Specifically, it contains my implementation of mini-batch feasible target propagation (ftprop-mb) for training multiple different convnets with either step or staircase-like activation functions. Models can be learned using either a soft hinge loss or the saturating straight-through estimator (SSTE). See paper for details.

Dependencies

I ran this project in a conda virtual environment on Ubuntu 16.04 with CUDA 8.0. I've also (very briefly) tested it on Mac OS X. This project requires the following dependencies:

pytorch with torchvision. I built this from source from the current master at the time (pytorch revision 76a282d22880de9f37f17af31e40e18994fa9870, torchvision revision 88e81cea5795d80ed63bc68675b1989691801f57).
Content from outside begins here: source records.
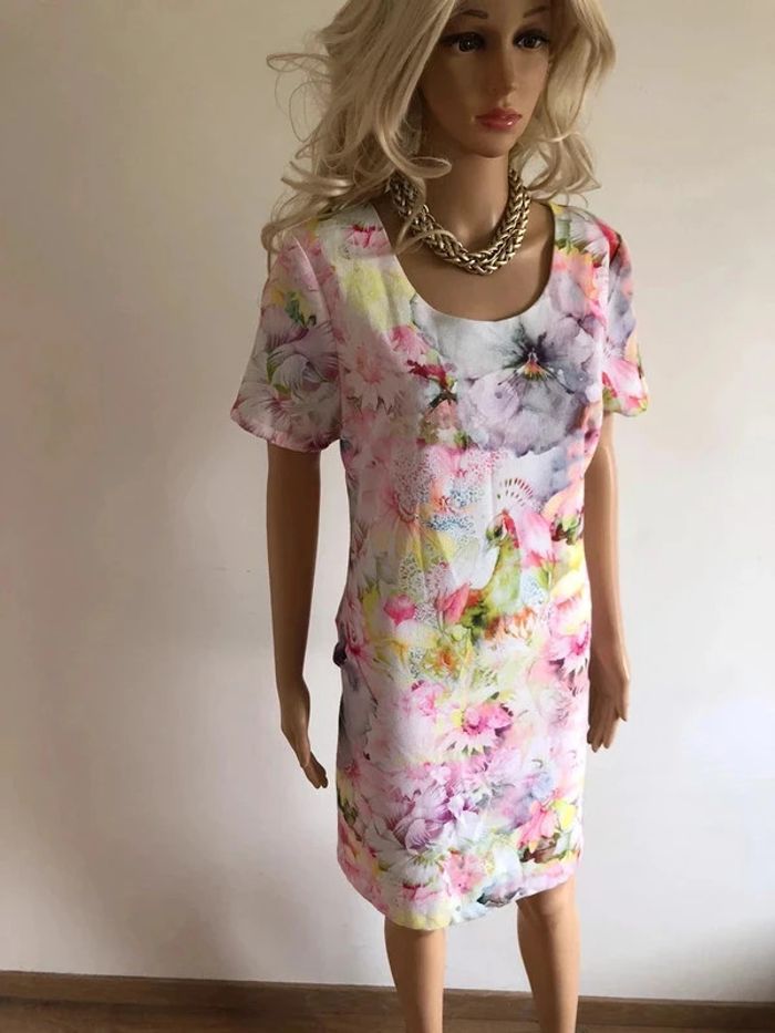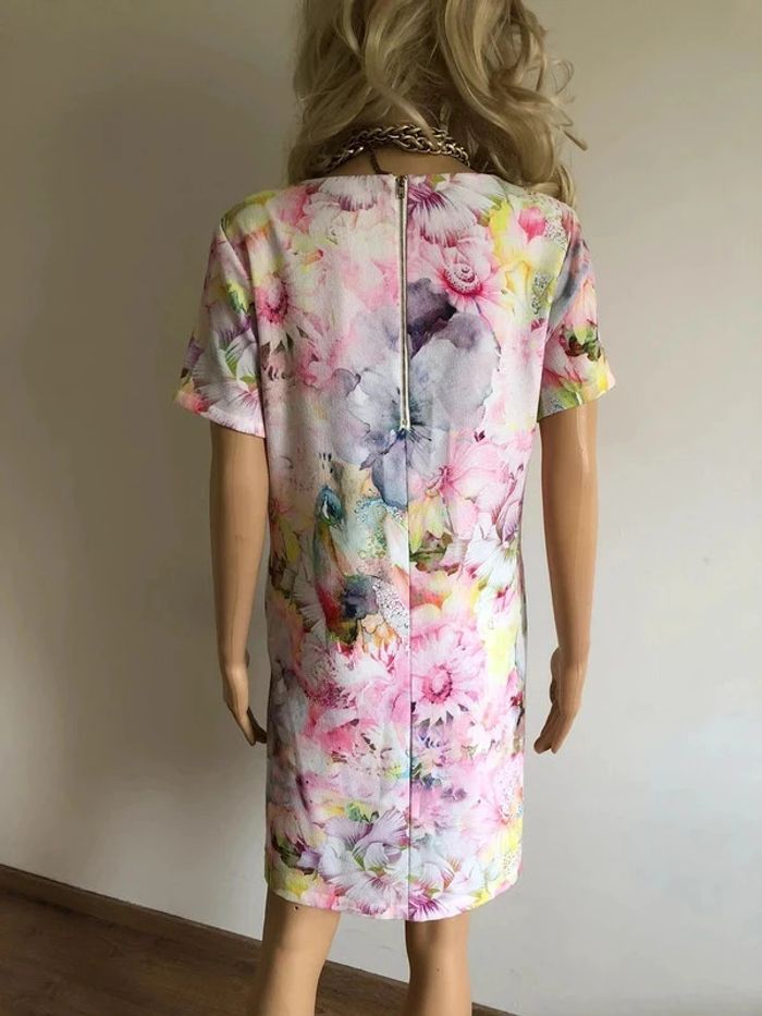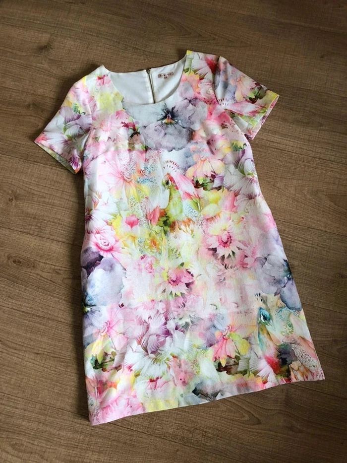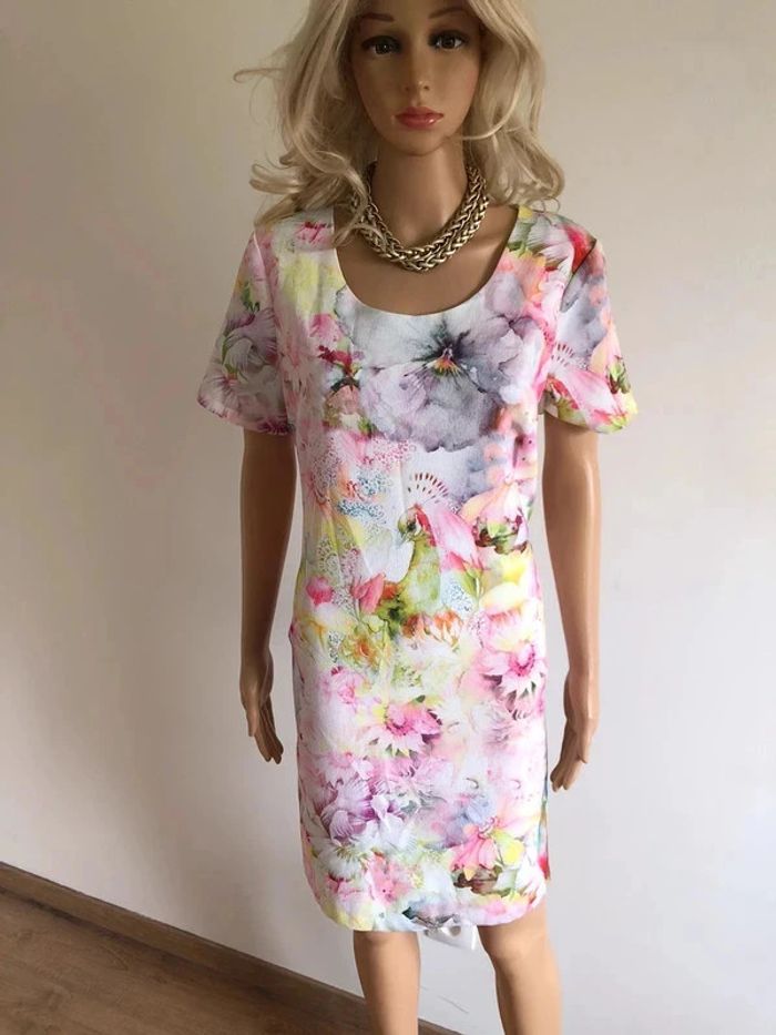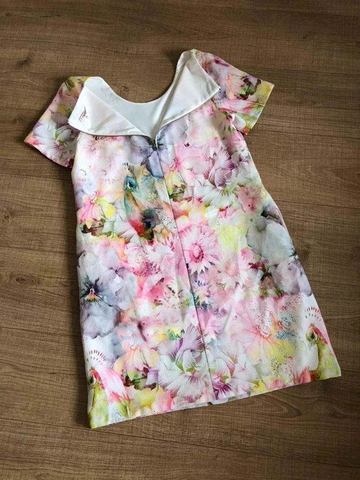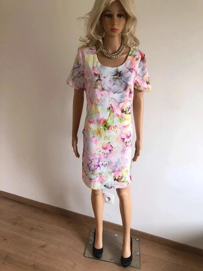 Magnifique robe imprimée fleurie a manches courtes, de marque ESQUALO. Fermeture dans le haut du dos. Taille 40. Jamais portée, état neuf. aisselle à aisselle 50 cms épaule à épaule 40 cms taille 47 cms longueur depuis épaule 92 cms 100% polyester Le prix reste négociable dans la limite du raisonnable. Un petit cadeau dans le colis. (Boîte 21)
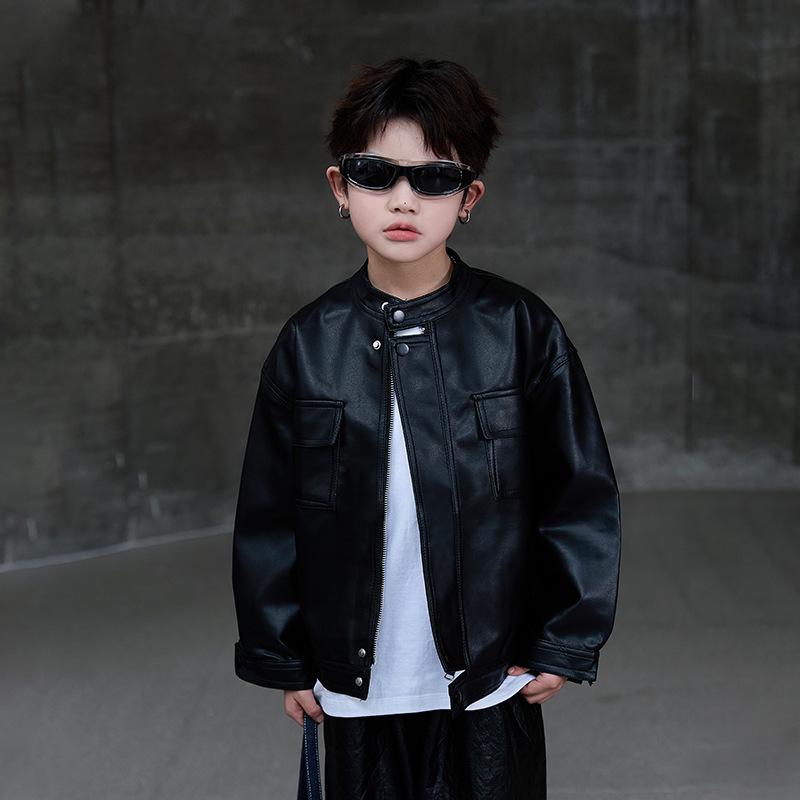 Модная кожаная мотоциклетная куртка для мальчиков на весну и осень 2025 года 160cm
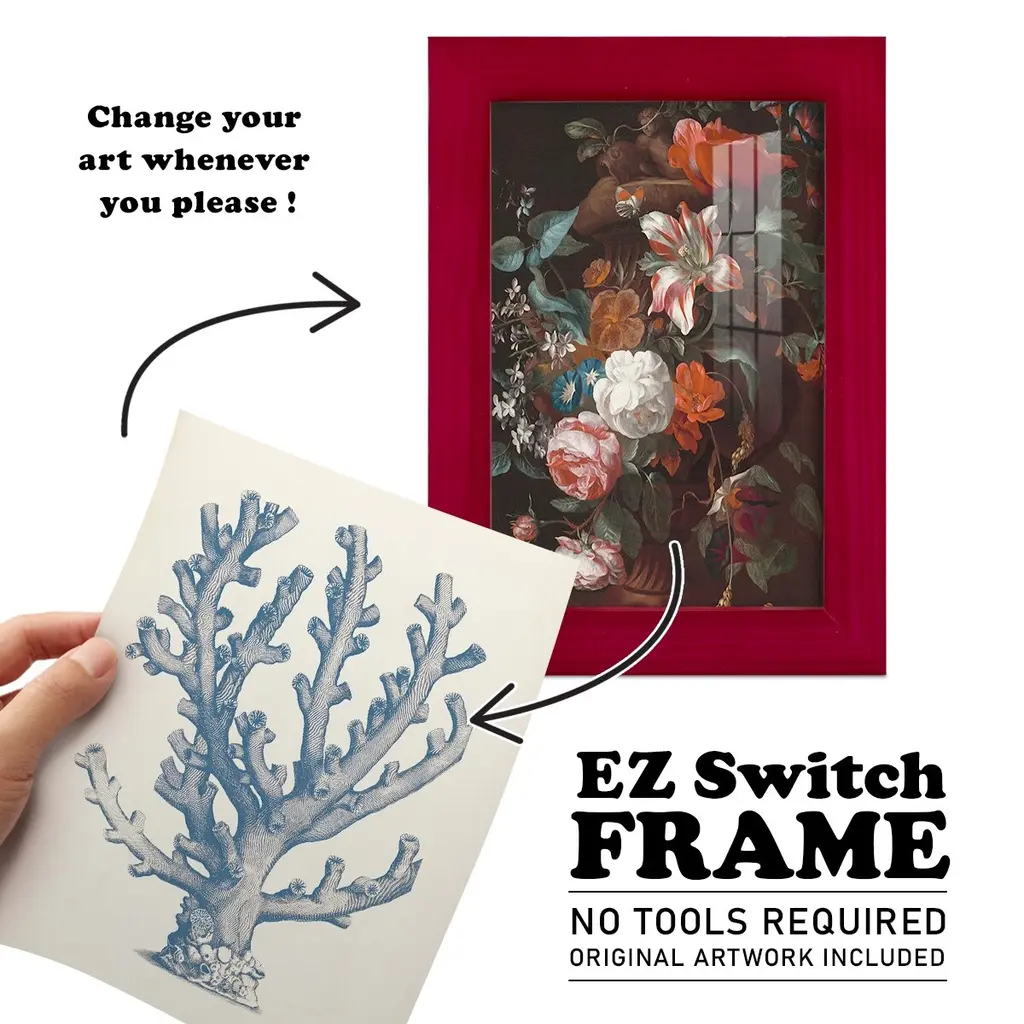 Antique Coral Collection VI -EZ SWITCH Framed Print w/glass-Cherry Red A delightful, framed print. Featuring a solid wood frame with real wood glass. This premium print is giclee quality. In addition, every frame features a removable back and table top stand. This allows you to change your art in the future or to just stand the art on a table for a new look. We are sure you'll enjoy our new series of EZ SWITCH Framed Art. Solid Wood Frame Real Glass Removable / Replaceable Art Built in Tabletop Stand Sizes range from 4x6 up to 12x15 - buy just one or pair them up as sets as you see fit.
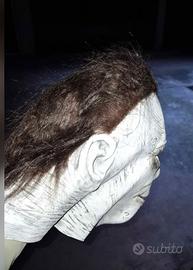 Vendo costume di Michael Myers per adulti, nuovo MAI indossato (senza cartellini) con maschera, tuta da meccanico blu e giocattolo in plastica flessibile.
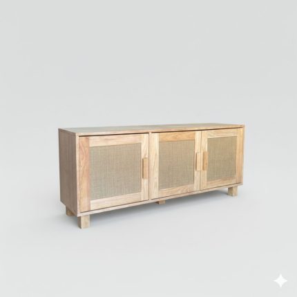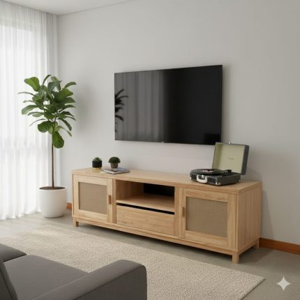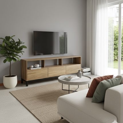 La madera clara es esencial en el rack TV nórdico por su capacidad de difundir luminosidad y potenciar la amplitud visual del espacio.• Estética: La tonalidad clara de la madera genera una estética limpia y contemporánea.
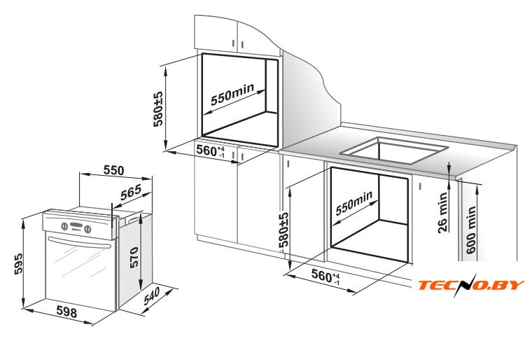 Шкаф разработан для легкой интеграции в кухонные гарнитуры с размером ниши для встраивания 58х56х55 см, а его собственные размеры составляют 59.8х56.5х59.5 см, что делает его подходящим для подавляющего большинства современных кухонь.
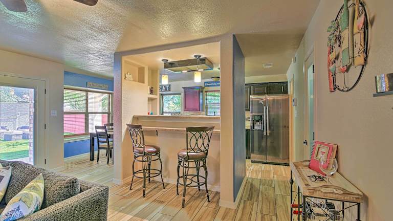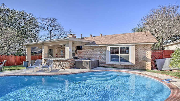 Im San Antonio Oasis with Hot Tub, Pool and Outdoor Bar! können Sie sich an der Bar im Freien entspannen und erfrischende Getränke genießen. Wenn Sie lieber Ihre eigenen Mahlzeiten zubereiten möchten, steht Ihnen eine voll ausgestattete Küche zur Verfügung. Sie können auch die nahegelegenen Restaurants erkunden und die vielfältige Küche von San Antonio entdecken.

Note that you need at least a fairly recent version of PyTorch (e.g., 0.3), which conda install does not provide.
tensorflow with tensorboard (This is not critical, however, and you can comment out all references to TF and TB if you don't want to install it)
setproctitle (e.g., via conda)
scipy

Running the experiments

There are a number of command-line arguments available, including

--tp-rule <TPRule_name>, specify the targetprop rule to use to train (e.g., SoftHinge, SSTE)
--nonlin <nonlinearity_name>, specify the nonlinearity to use in the network (e.g., step11, staircase3, relu, threshrelu)
--gpus <list_of_GPU_indices_separated_by_spaces>, specify the GPU(s) that this run should use for training + testing (supports data parallelization across multiple GPUs)
--nworkers <#workers>, the number of workers (i.e., threads) to use for loading data from disk
--data-root <path/to/imagenet>, for ImageNet only, specify the path to the ImageNet dataset
--no-cuda, specify this flag to run on CPU only
--resume <path/to/checkpoint>, resume training from a saved checkpoint
--no-save, specify this flag to disable any logging or checkpointing to disk
--download, specify this flag to download MNIST or CIFAR if it's not found
--no-val, specify this to NOT create a validation set and use that for testing (only use this for the final run!)
--plot-test, specify this to plot the test accuracy each iteration (only use this for the final run!)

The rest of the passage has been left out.